Mala zarar verme suçu, başkasının mülkiyetinde bulunan taşınır veya taşınmaz malın kısmen veya tamamen yıkılması, tahrip edilmesi, yok edilmesi, bozulması kullanılamaz hâle getirilmesi veya kirletilmesiyle oluşur. Bu bakımdan, söz konusu suç, seçimlik hareketli bir suçtur. Yıkma, yalnızca taşınmazlar için söz konusudur. Taşınmazın önceki kullanılış biçimine uygun olarak bir daha kullanılamaz duruma getirilmesini ifade eder. Yok etme, suça konu şeyin maddî varlığını ortadan kaldırmaktır. Bozma,suça konu şeyin, amacına uygun olarak kullanılması olanağını ortadan kaldırmaktır.
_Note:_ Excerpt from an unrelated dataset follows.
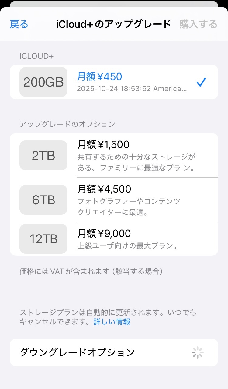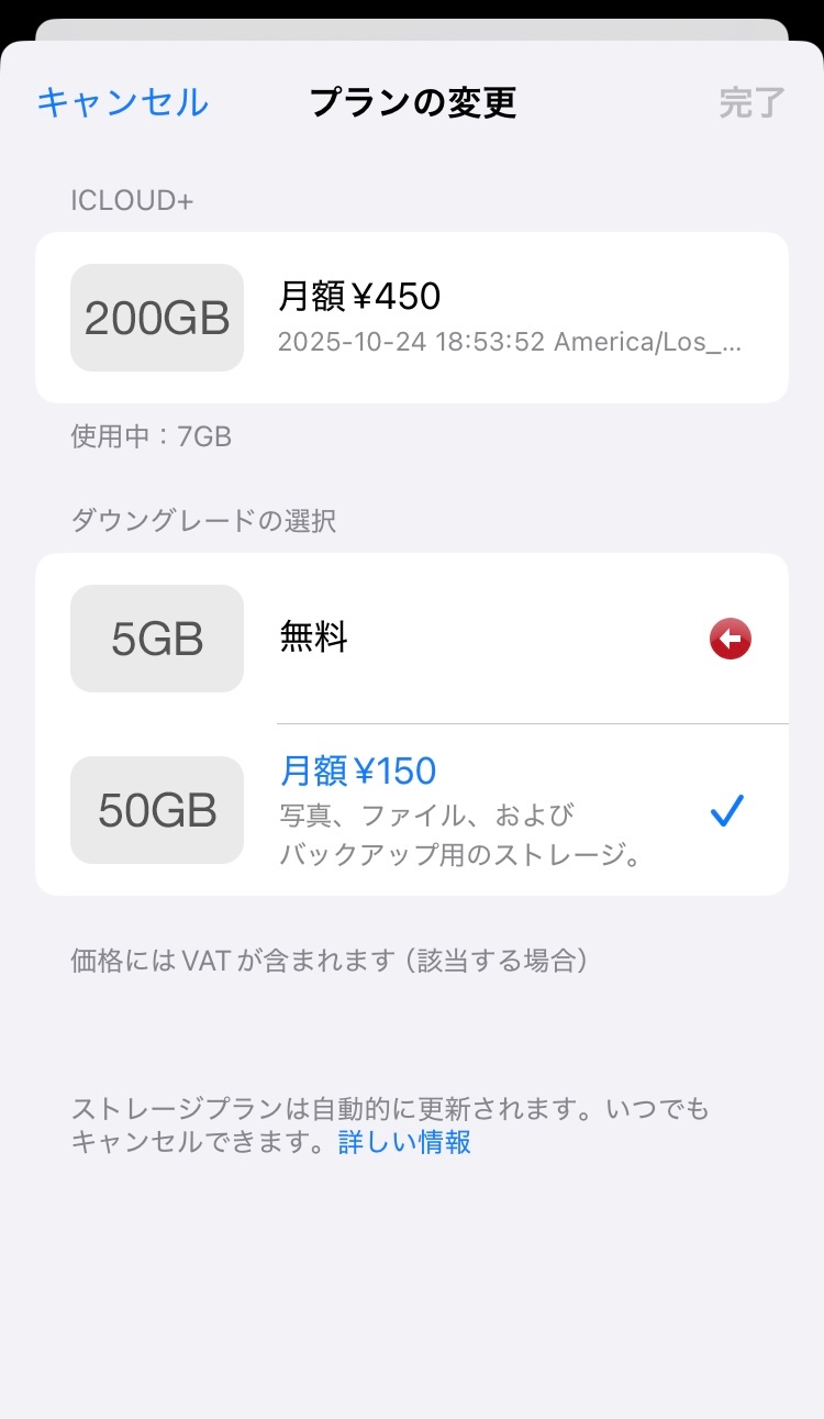 iCloudを、現在7GB程しか使っていないので200から50にダウングレードしたいです。

Kirletme, başkasının binasının duvarına yazı yazmak, resim yapmak, afiş ve ilân yapıştırmak şeklinde gerçekleştirilmektedir.
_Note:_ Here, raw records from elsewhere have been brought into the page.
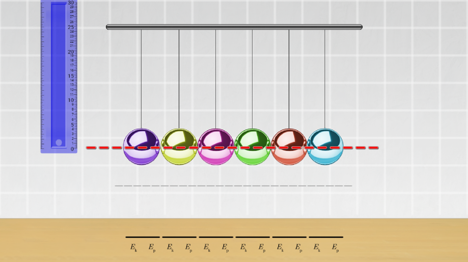 Za pomocą poniższej symulacji możesz zbadać energie wahadeł w zależności od ich wychylenia. Wybrane wahadła możesz wychylać na różne wysokości. Zwróć uwagę na punkty szczególne, w których albo energia kinetyczna, albo energia potencjalna jest maksymalna.
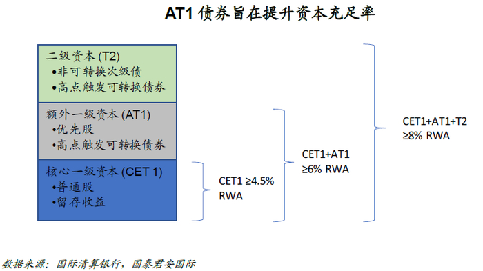 额外一级资本债券(AT1)是或有可转换债券(Contingent Convertible Bonds, CoCo Bonds)的一种。AT1是在全球金融危机之后首次推出的,旨在防止危机在金融部门蔓延,在危机时期充当银行资本的直接来源,即被用于在银行面临破产时承担损失,从而减轻政府和纳税人的财政负担。
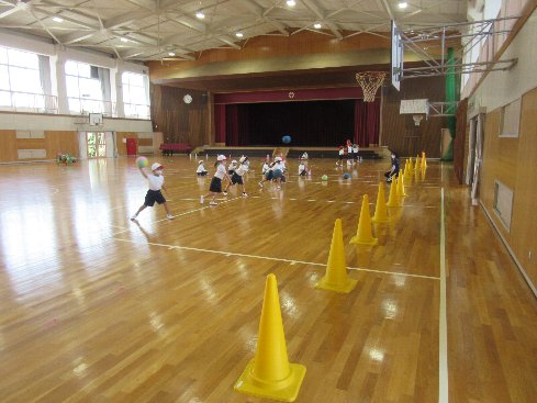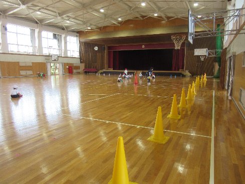 ボールを使っていかに早くコーンを倒すか競争しました。

Somut olayda; suça sürüklenen çocuğun babaannesi olan tanık Fatma ile tanık Metin’in çalıştıkları lokantada katılan Şükrü ile aralarında tartışma yaşandığı, tartışma esnasında suça sürüklenen çocuğun katılana kafa ve yumruk atarak basit tıbbi müdahale ile giderilebilir ölçüde yaraladığı ve katılana ait kamyonetin camına dirseğiyle vurarak kırdığı sabit olmakla mala zarar verme ve yaralama suçlarının oluştuğuna yönelik kabulde bir isabetsizlik görülmemiştir.
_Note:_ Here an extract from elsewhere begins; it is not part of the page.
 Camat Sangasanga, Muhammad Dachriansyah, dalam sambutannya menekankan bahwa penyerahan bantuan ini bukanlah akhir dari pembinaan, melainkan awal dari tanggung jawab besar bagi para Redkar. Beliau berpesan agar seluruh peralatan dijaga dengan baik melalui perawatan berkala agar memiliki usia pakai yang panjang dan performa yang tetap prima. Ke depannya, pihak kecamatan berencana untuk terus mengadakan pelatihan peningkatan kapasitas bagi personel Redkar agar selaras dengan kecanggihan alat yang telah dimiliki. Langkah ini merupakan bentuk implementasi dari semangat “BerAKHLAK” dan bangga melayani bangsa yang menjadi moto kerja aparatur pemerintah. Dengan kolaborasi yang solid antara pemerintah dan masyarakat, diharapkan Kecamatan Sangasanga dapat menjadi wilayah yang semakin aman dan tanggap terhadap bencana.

Yapılan yargılamaya, toplanıp karar yerinde gösterilen delillere, mahkemenin kovuşturma sonuçlarına uygun olarak oluşan kanaat ve takdirine, incelenen dosya kapsamına göre, suça sürüklenen çocuk müdafiinin temyiz itirazlarının reddine, ancak ;
1) Mala zarar verme suçundan hüküm kurulurken, aşağı sınırdan ceza tayin edileceğinin belirtilmesine rağmen, alt sınırın üzerinde 6 ay hapis cezasına hükmolunması,
2) Suça sürüklenen çocuğun, suç tarihi itibariyle 15 yaşından küçük olmasına rağmen TCK’nın 31/2. maddesi uyarınca indirim yapılması gerektiği gözetilmeden, aynı Kanunun 31/3. maddesi uyarınca indirim yapılarak fazla ceza tayini,
3) Suça sürüklenen çocuğun mala zarar verme suçunu haksız tahrik etkisi altında işlediği kabul edilerek TCK’nın 29. maddesi uyarınca indirim yapıldığı halde, yaralama suçunda haksız tahrik indiriminin neden uygulanmadığının karar yerinde tartışılmaması,
4) 5275 sayılı CGİK’nın 106/4. maddesi uyarınca çocuklar hakkında hükmedilen adli para cezalarının ödenmemesi halinde hapis cezasına çevrilemeyeceği gözetilmeden, ödenmeyen adli para cezasının hapse çevrileceğinin ihtar edilmesi,
Bozmayı gerektirmiş, suça sürüklenen çocuk müdafiinin temyiz itirazları bu itibarla yerinde görülmüş olduğundan hükmün bu sebeplerden dolayı 5320 sayılı Kanun’un 8/1. maddesi gereğince uygulanması gereken 1412 sayılı CMUK’nın 321. maddesi uyarınca BOZULMASINA, 12.02.2014 tarihinde oybirliğiyle karar verildi.